Tuesday, November 13, 2007

Orson, come in

Is there a reason why doing the right thing, eating the right food, or drinking the right beverage is inherently less cool, less pleasant or less exciting than a choice that's less good for you?

I love lemon meringue pie, diabetes and all, and knowing that I really shouldn't have it, I enjoy it that much more. In my world, dessert is its own food group and for those at home still working with the 'USDA Pyramid', think of dessert as the Great Cheops. I eat a lot of vegetables (not a big fan of okra or Brussels sprouts), but cannot ever pretend to have exclaimed, 'oh boy, broccoli!'

There's cod liver oil and there's Zinfandel. There's cream of wheat and french onion soup. How much extra engineering would it have taken to make the stuff that's good for us taste more like the stuff that's not so good for us?

Ditto for behaviors.
The happiness at seeing a twenty dollar bill at your feet, picking it up and putting it in your wallet should NOT be greater than seeing it, picking it up and having a frazzled person run towards you to thank you for finding the money they lost, intended for the rent, for heating oil, for food (lemon meringue pie, perhaps?). I know the reward for doing a good deed should be the knowledge you have done a good deed. How come it can't feel more like winning the lottery?

I saw an advert the other night for Ken Burns' "The War", his documentary on World War II, airing on PBS stations Wednesdays at 9 P. M and concluded 'I really should watch that. What do I watch on Wednesdays now?'
It took me a moment to wrap my head around that one, which should make TV programmers happy that I find their choices so memorable. Turns out, I watch 'Private Practice'. I really like that show-certainly doesn't have any of the intellectual fiber of an offering on PBS (and doesn't pretend to), more like empty calories, and yet....I already know what I'll be watching Wednesday night.
Hello, Kate Walsh, Drew Carey, we hardly knew ye.

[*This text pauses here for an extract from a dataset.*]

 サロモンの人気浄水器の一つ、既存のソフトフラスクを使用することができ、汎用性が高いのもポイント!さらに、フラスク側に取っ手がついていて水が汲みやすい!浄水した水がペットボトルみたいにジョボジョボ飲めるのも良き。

This morning, riding the exercise bike like one of those loonies in greasepaint on the outer ring at the circus, I had forgotten my mp3, so I had to enjoy the big screens suspended overhead without sound but with the captioning popping up in the middle of image.

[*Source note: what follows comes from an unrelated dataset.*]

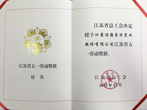 核心子公司江蘇沿海東方置業(yè)股份有限公司榮獲“江蘇省五一勞動(dòng)獎(jiǎng)狀”

Infomercials pain me, because most of them now 'star' people I sort of know from 'real' TV, back when they had careers. I don't just mean Valerie Bertinelli for that weight-loss program, though I guess she did lose about 220 pounds when she and Eddie Van Halen went their separate ways.
I'm talking about people like that guy from ChIPS who sells real estate where ever it is that he sells it and the original Bionic Woman who now hawks mattresses of some kind. I don't really lock on to the product because I'm tripping over my memories of these people as 'real stars' earlier in their lives.

If someone had told Lindsey Wagner she'd be selling adjustable mattresses to make the condo payment, would she have believed such a thing could happen? How often do I have to see Glen Campbell, who looks just awful by the way (and makes me feel a lot better for my 55 years on earth) , selling some Time-Life music collection before I pay any attention to what is in the collection.

This morning, making like Lance Armstrong (without Sheryl Crow or whichever Olsen twin he's supposedly seeing), squinting up at the big screen, I'm watching a woman pitch what looks like a variant of the Evelyn Wood Speed Reading course back from when I was a wee slip of a lad. She looked sort of familiar and seemed to be very earnest about whatever this better reading system is all about.
And then I flashed on her: Pam Dawber! Nanu, Nanu, Mindy!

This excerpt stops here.